Work required: In the listing below, find the line containing "El Gobierno municipal" and the line containing "Movie memorabilia autographed", then copy exactly everything from the first through the second, except the pictures.

Extracted information:
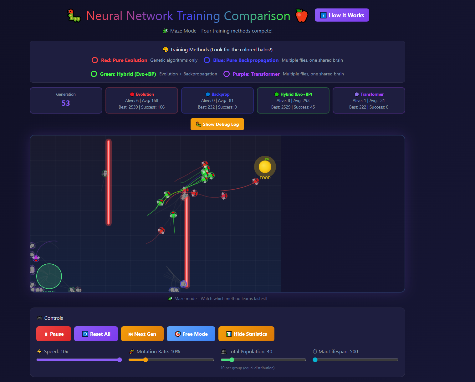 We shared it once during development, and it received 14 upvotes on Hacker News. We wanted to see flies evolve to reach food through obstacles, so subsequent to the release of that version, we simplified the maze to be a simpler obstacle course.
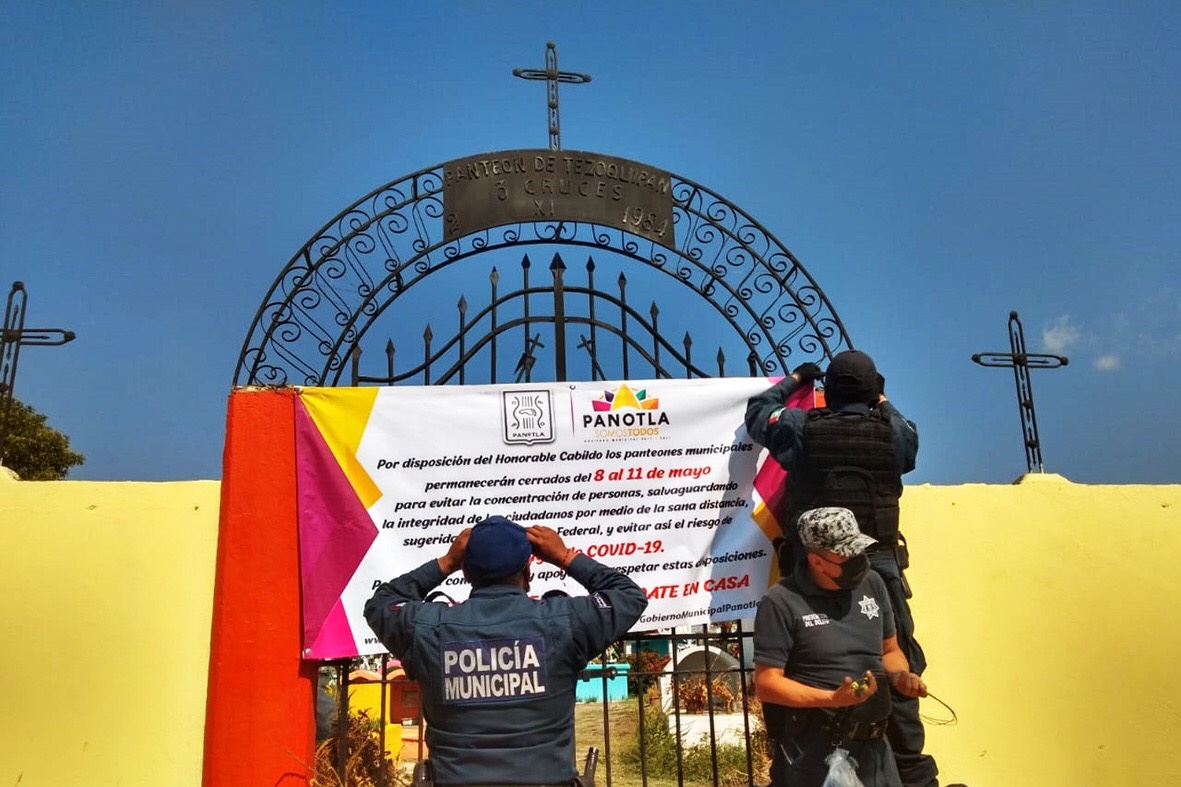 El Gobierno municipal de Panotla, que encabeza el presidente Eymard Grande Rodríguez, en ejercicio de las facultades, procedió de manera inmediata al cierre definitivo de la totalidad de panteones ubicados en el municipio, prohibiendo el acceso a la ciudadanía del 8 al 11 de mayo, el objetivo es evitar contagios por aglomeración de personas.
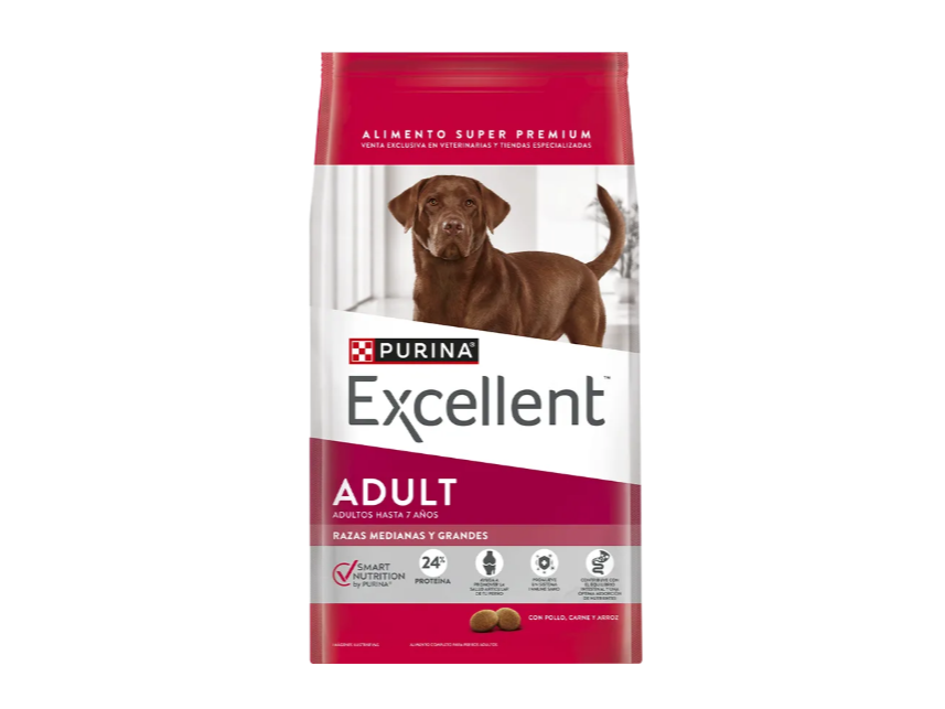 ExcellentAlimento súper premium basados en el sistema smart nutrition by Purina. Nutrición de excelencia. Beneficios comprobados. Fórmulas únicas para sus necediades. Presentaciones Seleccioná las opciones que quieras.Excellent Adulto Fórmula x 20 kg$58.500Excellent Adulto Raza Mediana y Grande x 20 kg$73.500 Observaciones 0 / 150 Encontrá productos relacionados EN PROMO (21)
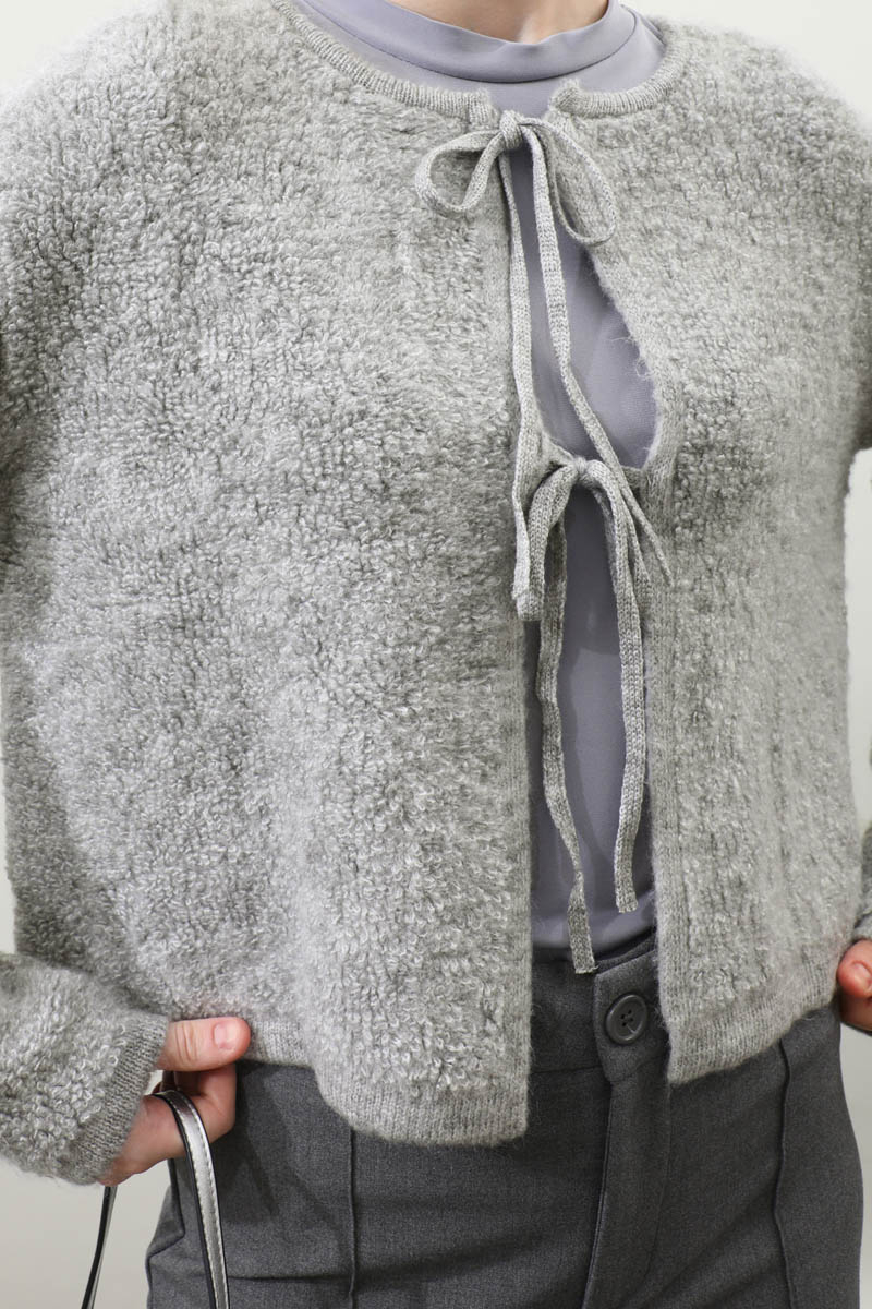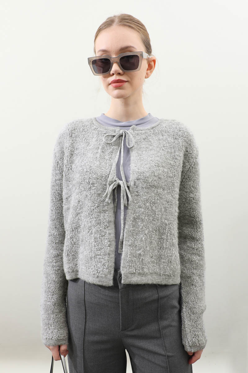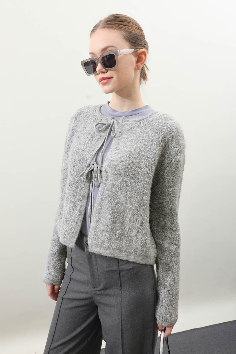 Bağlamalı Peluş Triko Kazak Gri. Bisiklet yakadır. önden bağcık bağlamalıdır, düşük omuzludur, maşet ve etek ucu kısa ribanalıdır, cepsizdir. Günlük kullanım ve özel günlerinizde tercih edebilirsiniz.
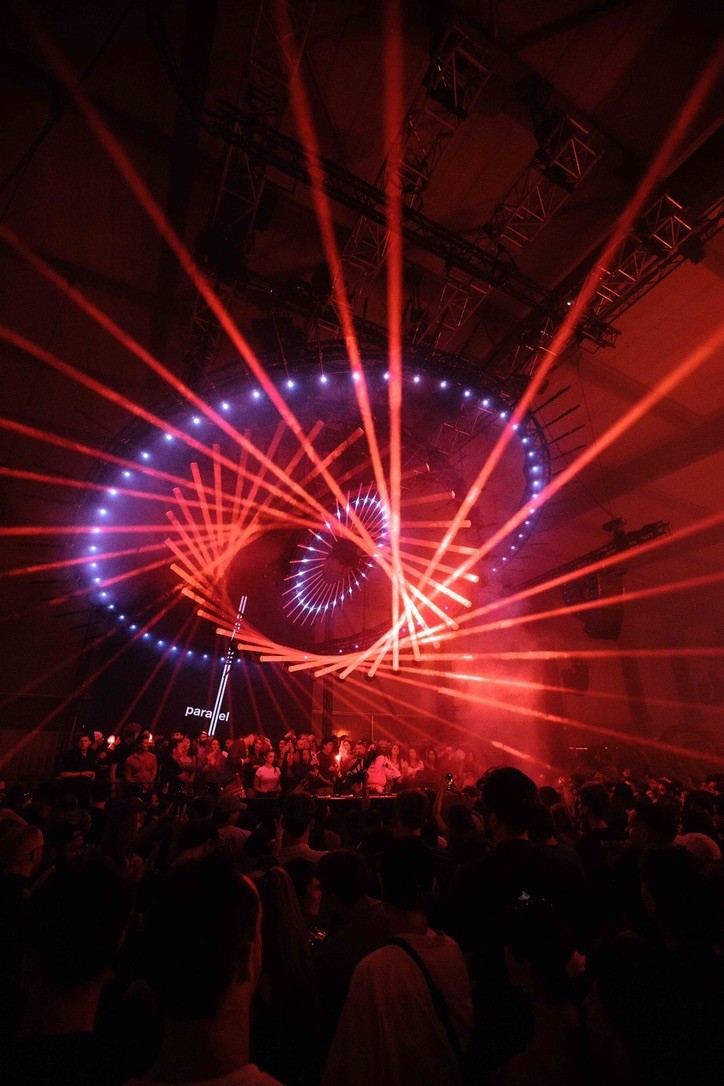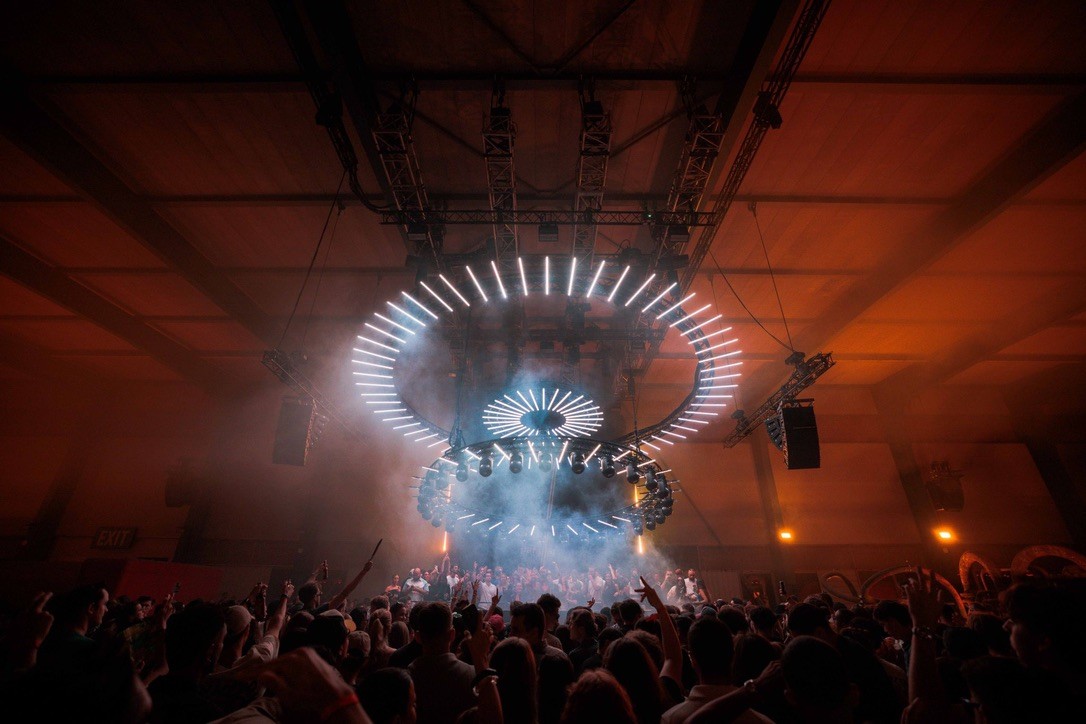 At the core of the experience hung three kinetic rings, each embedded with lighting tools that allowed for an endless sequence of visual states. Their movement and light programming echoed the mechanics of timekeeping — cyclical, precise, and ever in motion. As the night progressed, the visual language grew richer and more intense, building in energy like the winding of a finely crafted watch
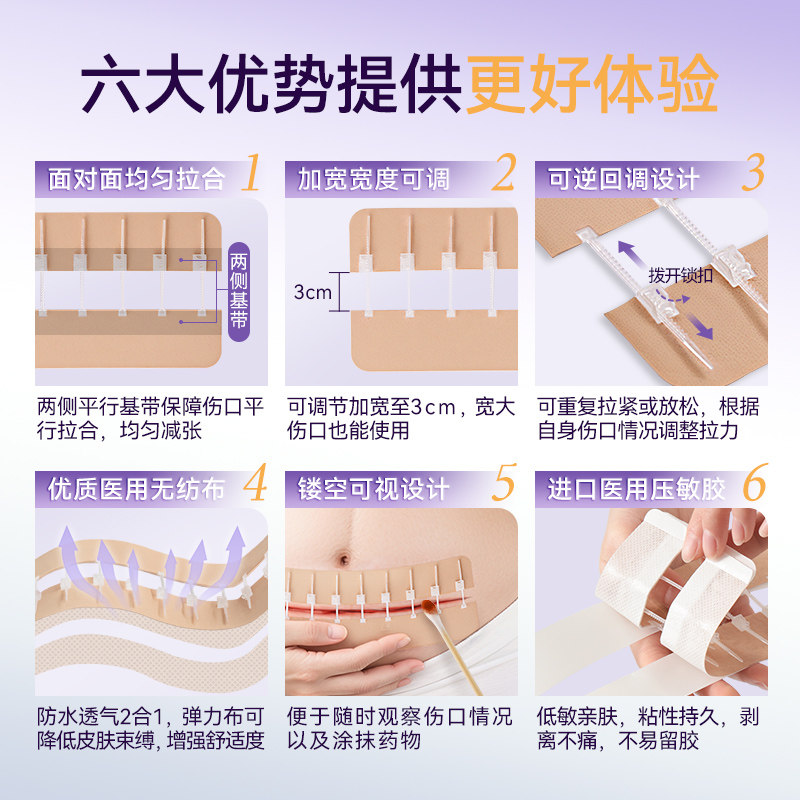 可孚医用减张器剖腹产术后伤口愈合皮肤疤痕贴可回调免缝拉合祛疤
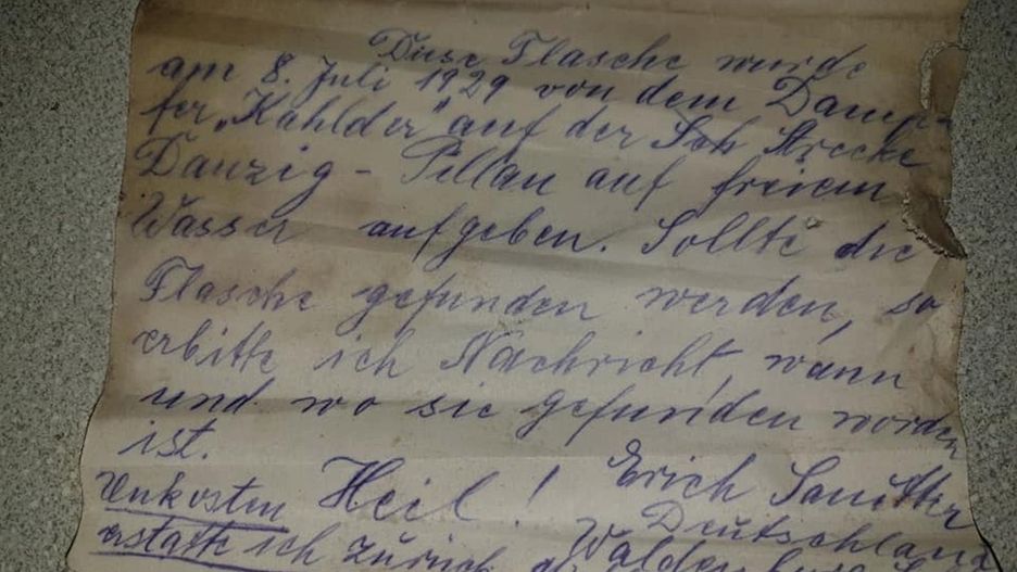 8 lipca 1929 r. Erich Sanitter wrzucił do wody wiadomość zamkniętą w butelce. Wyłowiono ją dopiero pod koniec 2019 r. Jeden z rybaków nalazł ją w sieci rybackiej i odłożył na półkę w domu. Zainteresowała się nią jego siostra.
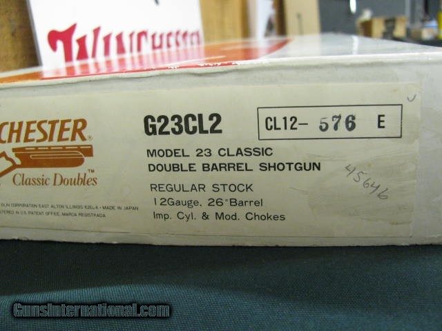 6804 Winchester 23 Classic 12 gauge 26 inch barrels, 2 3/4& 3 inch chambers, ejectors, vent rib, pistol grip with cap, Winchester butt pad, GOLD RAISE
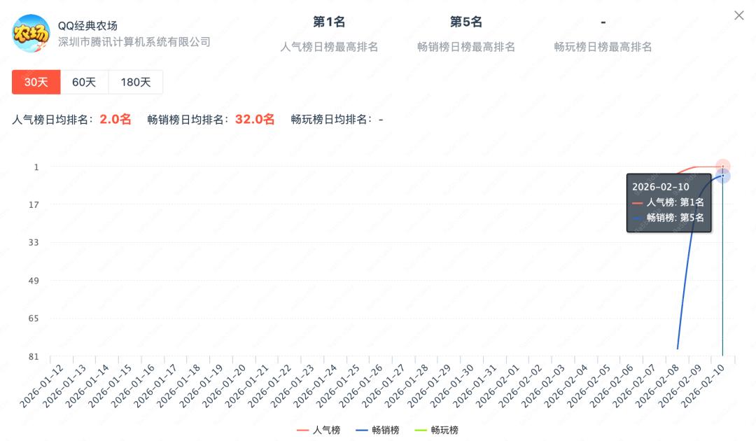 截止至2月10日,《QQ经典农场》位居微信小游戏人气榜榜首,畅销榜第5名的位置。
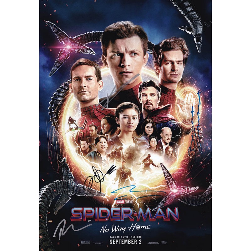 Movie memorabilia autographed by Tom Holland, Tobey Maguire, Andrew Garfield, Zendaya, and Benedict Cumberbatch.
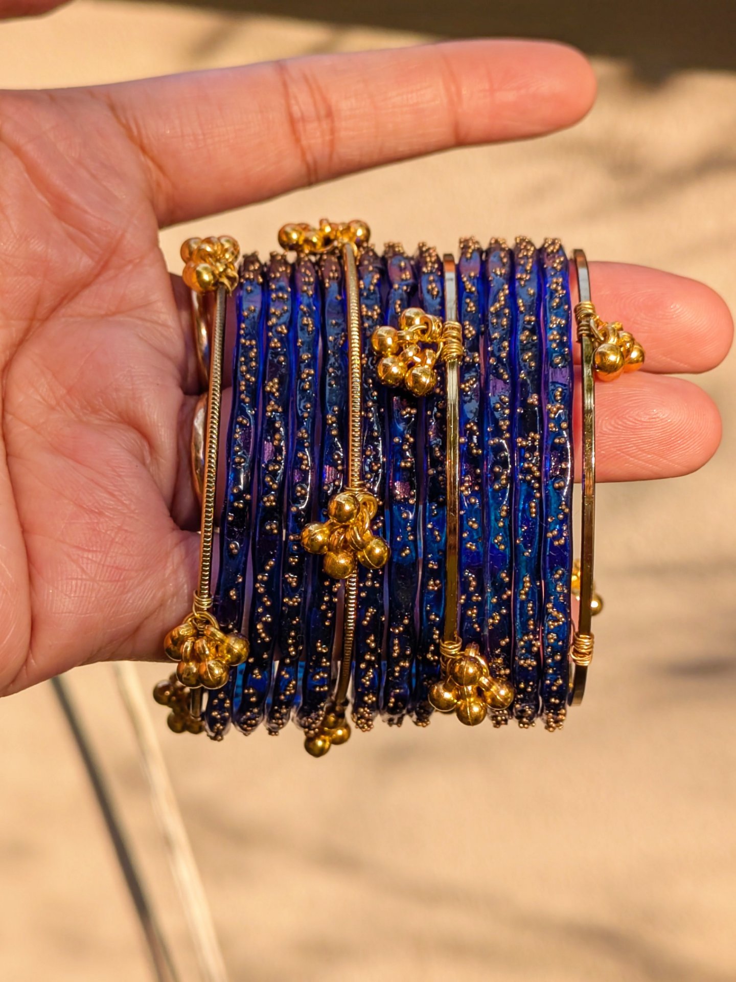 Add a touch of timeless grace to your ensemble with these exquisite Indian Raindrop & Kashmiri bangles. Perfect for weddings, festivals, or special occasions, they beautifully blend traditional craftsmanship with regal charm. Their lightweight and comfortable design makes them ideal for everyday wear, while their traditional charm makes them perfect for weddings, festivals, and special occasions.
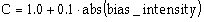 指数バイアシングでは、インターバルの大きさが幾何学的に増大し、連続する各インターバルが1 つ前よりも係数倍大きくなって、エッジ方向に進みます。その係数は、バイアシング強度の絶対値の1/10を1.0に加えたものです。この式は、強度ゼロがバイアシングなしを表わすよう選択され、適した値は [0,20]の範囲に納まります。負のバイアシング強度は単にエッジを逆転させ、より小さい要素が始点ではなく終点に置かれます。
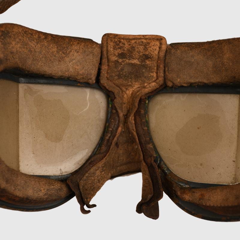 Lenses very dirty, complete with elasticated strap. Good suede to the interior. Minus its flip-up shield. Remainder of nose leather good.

The completed task:
 El Gobierno municipal de Panotla, que encabeza el presidente Eymard Grande Rodríguez, en ejercicio de las facultades, procedió de manera inmediata al cierre definitivo de la totalidad de panteones ubicados en el municipio, prohibiendo el acceso a la ciudadanía del 8 al 11 de mayo, el objetivo es evitar contagios por aglomeración de personas.
 ExcellentAlimento súper premium basados en el sistema smart nutrition by Purina. Nutrición de excelencia. Beneficios comprobados. Fórmulas únicas para sus necediades. Presentaciones Seleccioná las opciones que quieras.Excellent Adulto Fórmula x 20 kg$58.500Excellent Adulto Raza Mediana y Grande x 20 kg$73.500 Observaciones 0 / 150 Encontrá productos relacionados EN PROMO (21)
 Bağlamalı Peluş Triko Kazak Gri. Bisiklet yakadır. önden bağcık bağlamalıdır, düşük omuzludur, maşet ve etek ucu kısa ribanalıdır, cepsizdir. Günlük kullanım ve özel günlerinizde tercih edebilirsiniz.
 At the core of the experience hung three kinetic rings, each embedded with lighting tools that allowed for an endless sequence of visual states. Their movement and light programming echoed the mechanics of timekeeping — cyclical, precise, and ever in motion. As the night progressed, the visual language grew richer and more intense, building in energy like the winding of a finely crafted watch
 可孚医用减张器剖腹产术后伤口愈合皮肤疤痕贴可回调免缝拉合祛疤
 8 lipca 1929 r. Erich Sanitter wrzucił do wody wiadomość zamkniętą w butelce. Wyłowiono ją dopiero pod koniec 2019 r. Jeden z rybaków nalazł ją w sieci rybackiej i odłożył na półkę w domu. Zainteresowała się nią jego siostra.
 6804 Winchester 23 Classic 12 gauge 26 inch barrels, 2 3/4& 3 inch chambers, ejectors, vent rib, pistol grip with cap, Winchester butt pad, GOLD RAISE
 截止至2月10日,《QQ经典农场》位居微信小游戏人气榜榜首,畅销榜第5名的位置。
 Movie memorabilia autographed by Tom Holland, Tobey Maguire, Andrew Garfield, Zendaya, and Benedict Cumberbatch.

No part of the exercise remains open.